## DESCRIPTION OF THE TASK
Below are records with pictures in them. Output exactly the lines from the one with "Взгляд с воздуха на" through the one with "Middels vaste trap", both included, and leave every picture out; give only those lines.
[MATERIAL FOR THIS TASK — start]
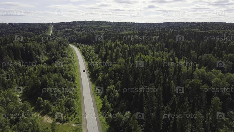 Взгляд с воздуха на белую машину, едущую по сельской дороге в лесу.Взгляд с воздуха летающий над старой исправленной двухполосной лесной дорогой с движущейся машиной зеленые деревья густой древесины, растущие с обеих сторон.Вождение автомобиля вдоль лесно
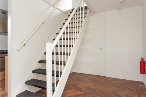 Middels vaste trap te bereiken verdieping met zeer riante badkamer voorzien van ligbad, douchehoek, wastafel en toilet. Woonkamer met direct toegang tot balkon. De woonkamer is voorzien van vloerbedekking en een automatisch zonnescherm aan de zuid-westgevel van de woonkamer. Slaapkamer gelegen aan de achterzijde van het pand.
[MATERIAL FOR THIS TASK — finish]
[MATERIAL FOR THIS TASK — start]
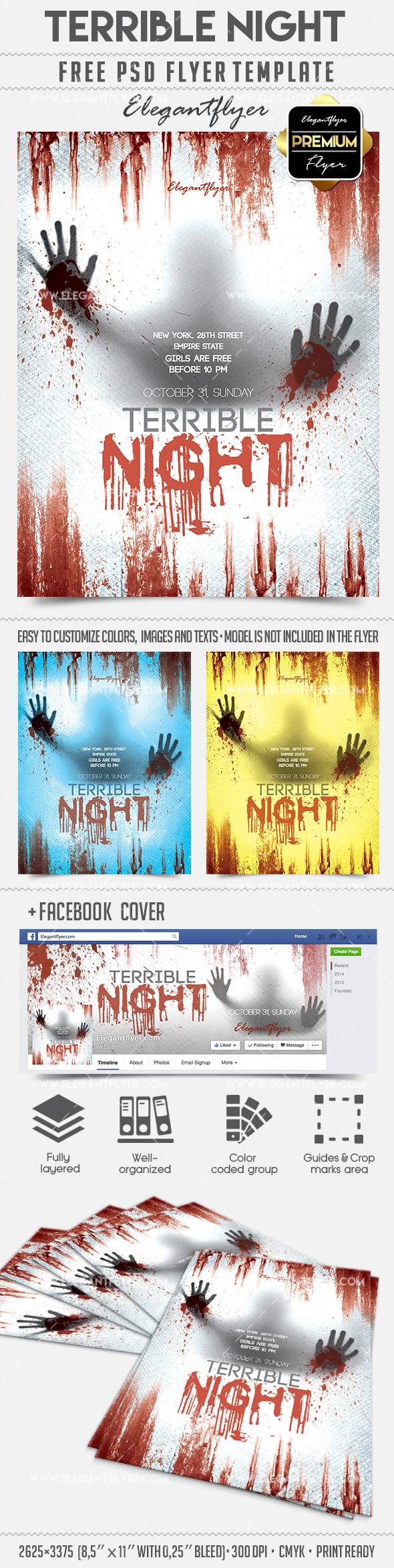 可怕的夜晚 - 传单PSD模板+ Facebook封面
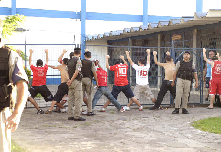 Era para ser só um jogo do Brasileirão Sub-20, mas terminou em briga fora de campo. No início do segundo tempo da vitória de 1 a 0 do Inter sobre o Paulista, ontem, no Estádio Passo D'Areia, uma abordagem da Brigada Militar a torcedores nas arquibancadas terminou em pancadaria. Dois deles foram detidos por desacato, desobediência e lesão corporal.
[MATERIAL FOR THIS TASK — finish]
[MATERIAL FOR THIS TASK — start]
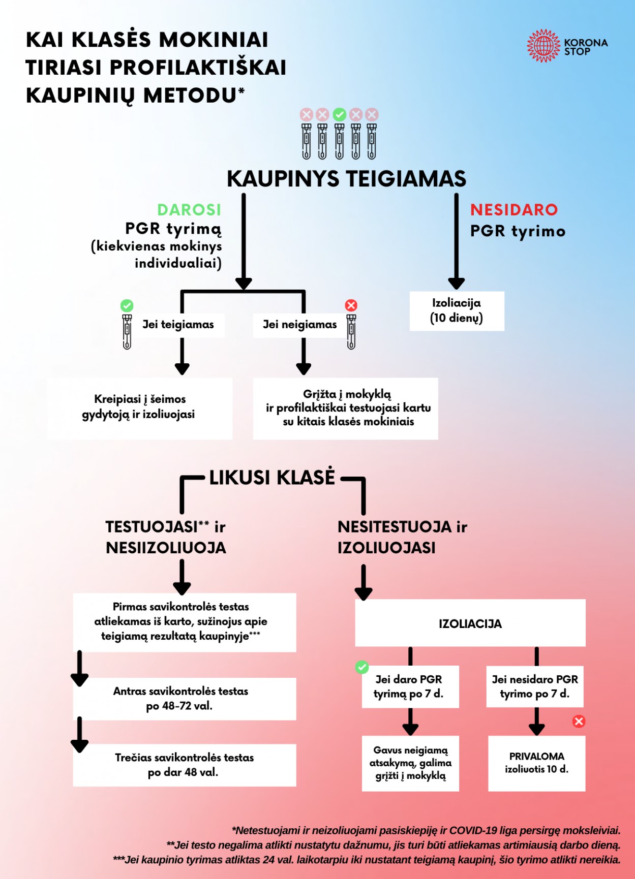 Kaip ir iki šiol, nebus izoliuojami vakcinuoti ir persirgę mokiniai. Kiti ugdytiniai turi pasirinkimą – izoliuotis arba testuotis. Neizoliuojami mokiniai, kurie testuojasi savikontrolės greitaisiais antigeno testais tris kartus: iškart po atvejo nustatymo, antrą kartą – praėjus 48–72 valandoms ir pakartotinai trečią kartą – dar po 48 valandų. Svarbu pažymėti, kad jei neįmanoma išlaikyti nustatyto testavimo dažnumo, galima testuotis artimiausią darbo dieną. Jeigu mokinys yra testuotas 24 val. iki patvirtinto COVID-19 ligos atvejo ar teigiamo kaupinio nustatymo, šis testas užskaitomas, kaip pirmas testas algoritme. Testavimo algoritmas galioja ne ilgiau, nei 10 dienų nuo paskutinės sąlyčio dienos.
[MATERIAL FOR THIS TASK — finish]
## RESPONSE TO THE TASK
 Взгляд с воздуха на белую машину, едущую по сельской дороге в лесу.Взгляд с воздуха летающий над старой исправленной двухполосной лесной дорогой с движущейся машиной зеленые деревья густой древесины, растущие с обеих сторон.Вождение автомобиля вдоль лесно
 Middels vaste trap te bereiken verdieping met zeer riante badkamer voorzien van ligbad, douchehoek, wastafel en toilet. Woonkamer met direct toegang tot balkon. De woonkamer is voorzien van vloerbedekking en een automatisch zonnescherm aan de zuid-westgevel van de woonkamer. Slaapkamer gelegen aan de achterzijde van het pand.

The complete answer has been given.